Figure 5: Accidents graph

In this case, Point 2 is again closer to the median on the x-axis like it was in Figure 1 which makes it unlikely for it to be an outlier. Reasons for why it is will be discussed in the discussion part of the essay.

Findings

The result from the correlation tests suggest that the traffic conditions are not dictated by the road hazards that appear. Other factors are likely to play larger roles.

Discussion

One reason for why the correlation is weak could simply be that road hazards don’t affect traffic as significantly as the infrastructure itself. A traffic jam or a red light can cause more traffic than a pothole or a construction site as whilst the latter slows cars down they usually don’t cause them to come to a halt as hazards such as potholes can usually still be driven over or around and construction is planned and can therefore be avoided by the public ahead if information about where construction sites are are relayed to the public.

One of the limitations of this paper arises from the data itself as it is not possible to create a perfectly accurate representations of road hazards and road conditions with data which only covers a limited amount time as whilst driving patterns are likely to stay the same throughout most of the year, weather conditions can affect the way people drive especially during Bostonian winters.

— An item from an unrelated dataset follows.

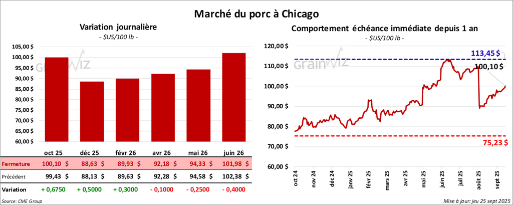 Le contrat de porc américain octobre 25 a clôturé à 100,10 $ (+ 68 cents). Celui décembre 25 a fermé à 88,63 $ (+ 50 cents). Celui février 26 a terminé à 89,93 $ (+ 30 cents).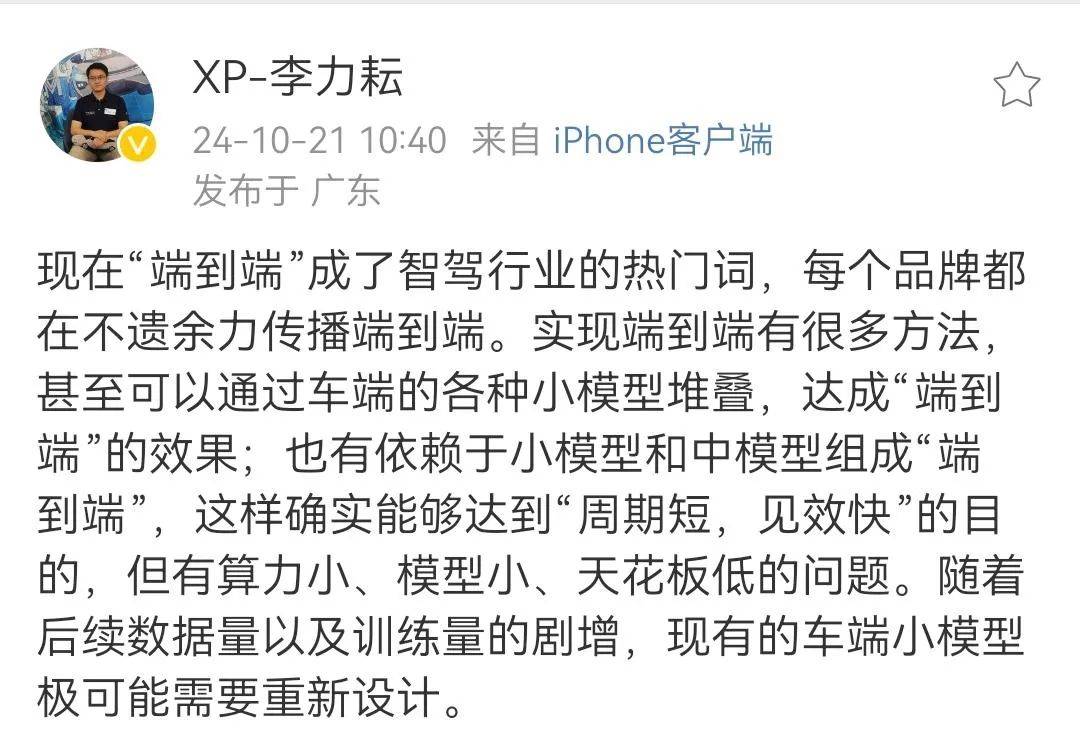 小模型的說法來自小鵬自動駕駛負責人李力耘,他的表態一方面揭露了半年前的小鵬端到端大模型“即非端到端,是名端到端”的實際。

Another hypothesis for why road hazards does not seem to affect traffic much is that the road hazards are being avoided by drivers with the help of the very company that provided the data. Whilst no claims are being made about Waze altering any of their data to create biased information, it is possible that a large part of the drivers in the city use apps like Waze which allows them to avoid obstacles on the road by taking other roads. Because of this, less drivers would take roads that have road hazards on them reducing the traffic in that location and normalizing the levels of traffic overall. Further research could exclude this factor by seeing analyzing traffic levels with the use of taxi data as to create an estimate of how many cars pass per road per usual, how it differs from times where there is a hazard on the road to counteract the previously mentioned effect.

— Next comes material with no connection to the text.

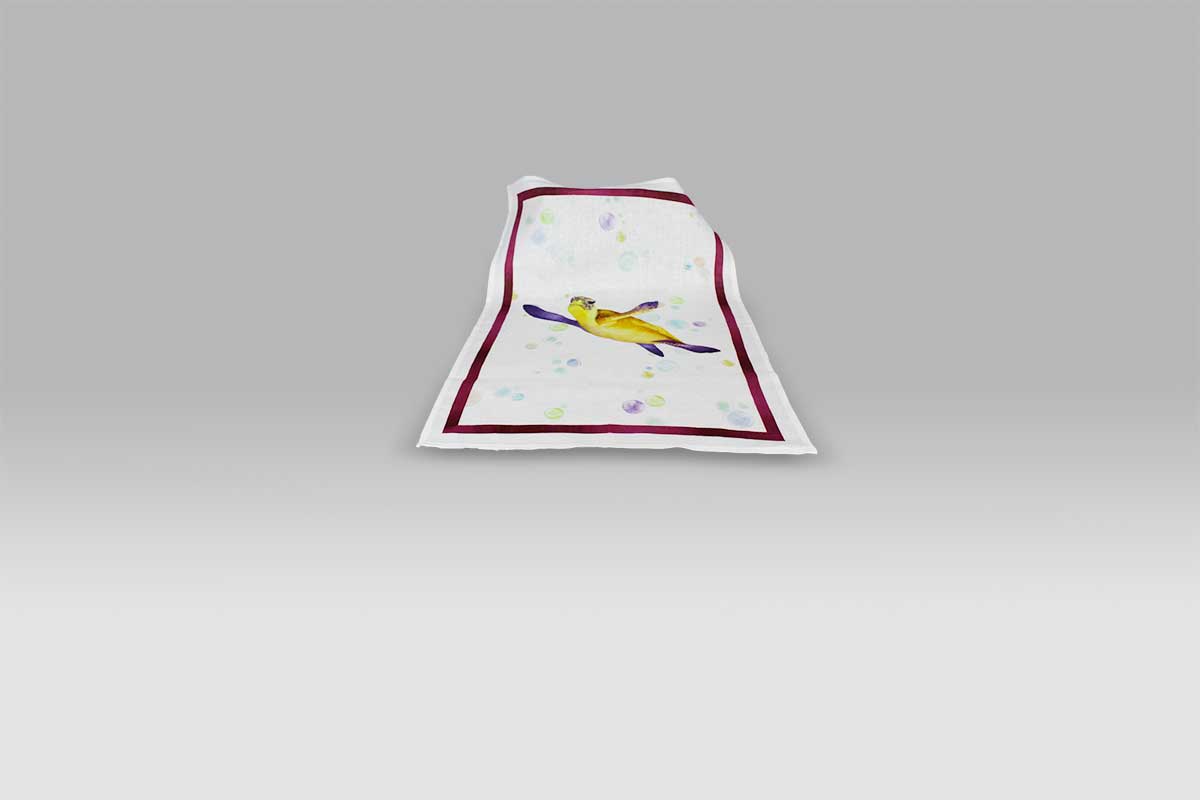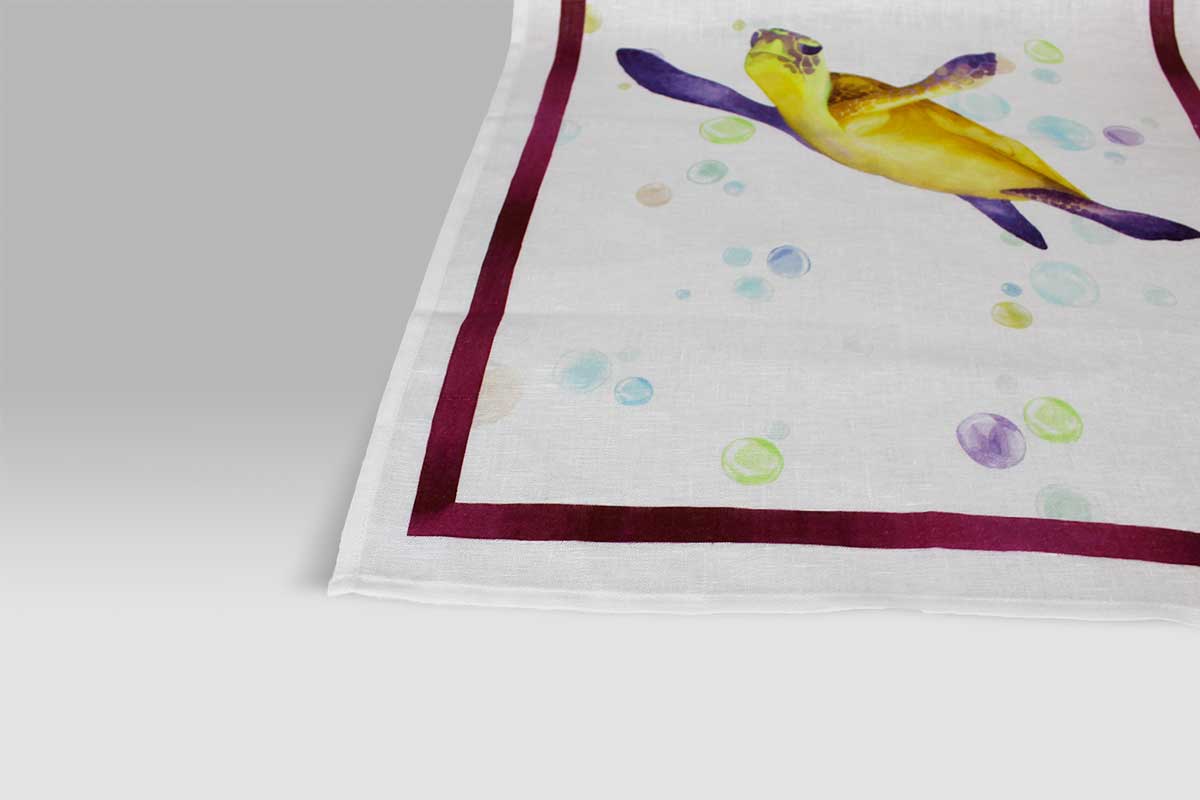 Raffinatissimo canovaccio in puro lino bianco con stampa vivace.

The last factor that could have influenced the data is the fact that not all roads are equally used and maintained. Roads in downtown Boston such as Court Street or Congress Street are right in the city-center, making it unlikely for there to be much construction or potholes as it would make sense for the city of Boston to minimize dangers on such heavily used roads. Similarly to what was discussed earlier in the section about the point on the Mass Pike, roads which have paid tolls are also more likely to be better maintain as they provide a continuous stream of revenue to their shareholders as long as they are in operation. Additionally, roads which are further from the city center are also less likely to be serviced fast as there are less people to report the road hazard but then again those roads are also being used less as less people have to use them to commute.

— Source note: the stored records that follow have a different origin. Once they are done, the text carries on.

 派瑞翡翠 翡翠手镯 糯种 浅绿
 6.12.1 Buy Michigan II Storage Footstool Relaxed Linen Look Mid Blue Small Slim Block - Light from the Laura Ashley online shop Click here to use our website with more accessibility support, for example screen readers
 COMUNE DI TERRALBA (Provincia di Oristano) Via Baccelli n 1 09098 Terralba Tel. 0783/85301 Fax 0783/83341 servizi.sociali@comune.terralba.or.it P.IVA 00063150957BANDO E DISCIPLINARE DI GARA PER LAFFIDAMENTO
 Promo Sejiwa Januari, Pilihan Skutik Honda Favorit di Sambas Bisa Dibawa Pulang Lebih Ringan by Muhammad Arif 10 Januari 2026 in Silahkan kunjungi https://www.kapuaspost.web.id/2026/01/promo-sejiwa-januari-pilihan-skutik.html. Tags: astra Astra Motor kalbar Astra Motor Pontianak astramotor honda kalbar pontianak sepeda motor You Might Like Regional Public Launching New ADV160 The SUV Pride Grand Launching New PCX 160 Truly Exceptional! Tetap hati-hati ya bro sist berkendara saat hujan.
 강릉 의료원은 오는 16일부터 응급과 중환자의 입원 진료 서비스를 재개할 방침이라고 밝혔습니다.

A problem arises when one attempts to look at the data without more context as there will always be more information regarding specific roads and areas in Boston which can influence traffic. No matter how well the city works to minimize transportation delays there will always be congestion during rush hours which will result in traffic. The question which remains is what the best approach for improving traffic is. Another factor to take into consideration is how much construction can affect traffic and whether constant maintenance is a good option in the short-run and whether it is sustainable on the long run. What the city of Boston can do, however, is to look at the trends for where and when road hazards appear as to service the roads before they deteriorate and result in considerably less efficient transportation. The tool provided with this project allows for a simplistic look at where such hazards aggregate which can answer the where question. All that remains is the when question which warrants further research.